(550b) Stretched Exponential Kinetics in Thermal Dissociation of Surface-Bound DNA Hairpins

Over the past decade, groups have used a variety of single molecule techniques to study the folding/unfolding kinetics of DNA, RNA, proteins and other biomolecules. In our work, we probe the force dependence of DNA hybridization kinetics by measuring the lifetime distribution of single DNA hairpins under thermal dissociation. We use a scanning line optical tweezers instrument to measure the bound lifetimes of two DNA-coated microspheres under negligible applied tension. The two microspheres share a user-specified potential along the scan direction and are strongly confined in the perpendicular dimensions. The trapping laser intensity is modulated synchronously with a resonant scanner to null all optical contributions to the pair interaction potential near contact.

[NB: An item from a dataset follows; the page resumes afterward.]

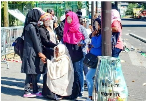
Le partage des informations, sans obligation pour survivre

In addition, the laser polarization can be rotated to produce a continuously adjustable optical repulsion, allowing the instrument to double as a force clamp over a modest range of applied tensions. Contrary to expectations for an all-or-none transition, we measure a stretched exponential lifetime distribution for the closed state of a DNA hairpin. We suggest that this unexpected distribution is a result of a slowly varying entropic tension due to the tethered microsphere diffusion and develop a simple model that is capable of explaining both exponential and nonexponential lifetime distributions that have been reported in a number of biophysical experiments.